Оба подняли глаза друг на друга; и оба смутились (они смущались всегда).
Аполлон Аполлонович перекинулся взором от предмета к предмету; Николай Аполлонович ощутил ежедневное замешательство: у него свисали с плечей две совершенно ненужных руки по обе стороны туловища; и в порыве бесплодной угодливости, подбегая к родителю, стал поламывать он свои тонкие пальцы (палец о палец).
Ежедневное зрелище ожидало сенатора: неестественно вежливый сын неестественно быстро, вприпрыжку, преодолевал пространство от двери – и до обеденного стола. Аполлон Аполлонович перед сыном стремительно встал (все сказали б – вскочил).
Николай Аполлонович споткнулся о столовую ножку.
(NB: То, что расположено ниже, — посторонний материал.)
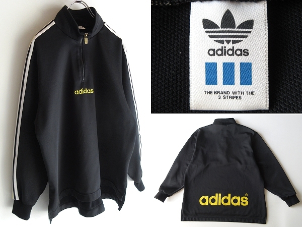 > 希少 90sビンテージ adidas アディダス ロゴ刺繍 トレフォイルロゴジップ ハーフジップ プルオーバージャケット ジャージ M-L 黒 ブラック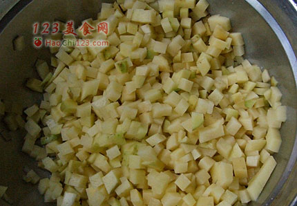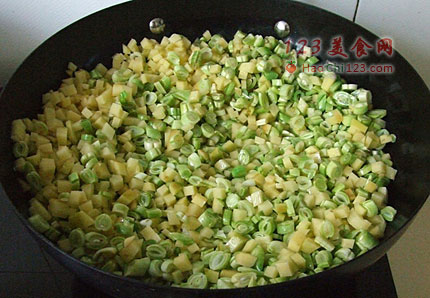 5、起油锅,油热后,下入芸豆和土豆颗粒煸炒,炒至蔬菜生味去除,并且颜色变至透明,关火,晾凉。

Аполлон Аполлонович протянул Николаю Аполлоновичу свои пухлые губы; к этим пухлым губам Николай Аполлонович прижал две губы; губы друг друга коснулись; и два пальца тряхнула обычно потеющая рука.
– «Добрый вечер, папаша!»
– «Мое почтенье-с…»
Аполлон Аполлонович сел. Аполлон Аполлонович ухватился за перечницу. По обычаю Аполлон Аполлонович переперчивал суп.
– «Из университета?..»
– «Нет, с прогулки…»
И лягушечье выражение пробежало на осклабленном рте почтительного сыночка, которого лицо успели мы рассмотреть, взятое в отвлечении от всевозможных ужимок, улыбок или жестов любезности, составляющих проклятие жизни Николая Аполлоновича, хотя бы уж потому, что от греческой маскине оставалось следа; эти улыбки, ужимки или просто жесты любезности заструились каким-то непрерывным каскадом перед порхающим взором рассеянного папаши; и рука, подносившая ко рту ложку, очевидно дрожала, расплескивая суп.
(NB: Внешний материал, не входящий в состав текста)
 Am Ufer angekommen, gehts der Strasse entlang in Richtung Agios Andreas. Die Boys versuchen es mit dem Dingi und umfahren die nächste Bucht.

– «Вы, папаша, из Учреждения?»
– «Нет, от министра…»
. . . . . . . . . . . . . . . . . . . .
Выше мы видели, как, сидя в своем кабинете, Аполлон Аполлонович пришел к убеждению, что сын его отпетый мошенник: так над собственной кровью и над собственной плотью совершал ежедневно шестидесятивосьмилетний папаша некий, хотя и умопостигаемый, но все же террористический акт.
Но то были отвлеченные, кабинетные заключения, не выносившиеся уже в коридор, ни (тем паче) в столовую.
– «Тебе, Коленька, перцу?»
– «Мне соли, папаша…»
Аполлон Аполлонович, глядя на сына, то есть порхая вокруг закорчившегося молодого философа перебегающими глазами, по традиции этого часа предавался приливу, так сказать, отчества, избегая мыслями кабинет.
– «А я люблю перец: с перцем вкуснее…»
Николай Аполлонович, опуская в тарелку глаза, изгонял из памяти докучные ассоциации: невский закат и невыразимость розовой ряби, перламутра нежнейшие отсветы, синевато-зеленую глубину; и на фоне нежнейшего перламутра…
– «Так-с!..»
– «Так-с!..»
– «Очень хорошо-с…»
Занимал розговором сынка (или лучше заметить – себя) Аполлон Аполлонович.
Над столом тяжелело молчание.
Этим молчанием за вкушением супа не смущался нисколько Аполлон Аполлонович (старые люди молчанием не смущаются, а нервная молодежь – да)… Николай Аполлонович за отысканием темы для разговора испытывал настоящую муку над остывшей тарелкою супа.
И неожиданно для себя разразился:
– «Вот… я…»
– «То есть, что?»
– «Нет… Так… ничего…»
Над столом тяготело молчание.
Николай Аполлонович опять неожиданно для себя разразился (вот непоседа-то!).
– «Вот… я…»
Только что «в о т я»? Продолжения к выскочившим словам все еще не придумал он; и не было мысли к « вот… я…» И Николай Аполлонович споткнулся…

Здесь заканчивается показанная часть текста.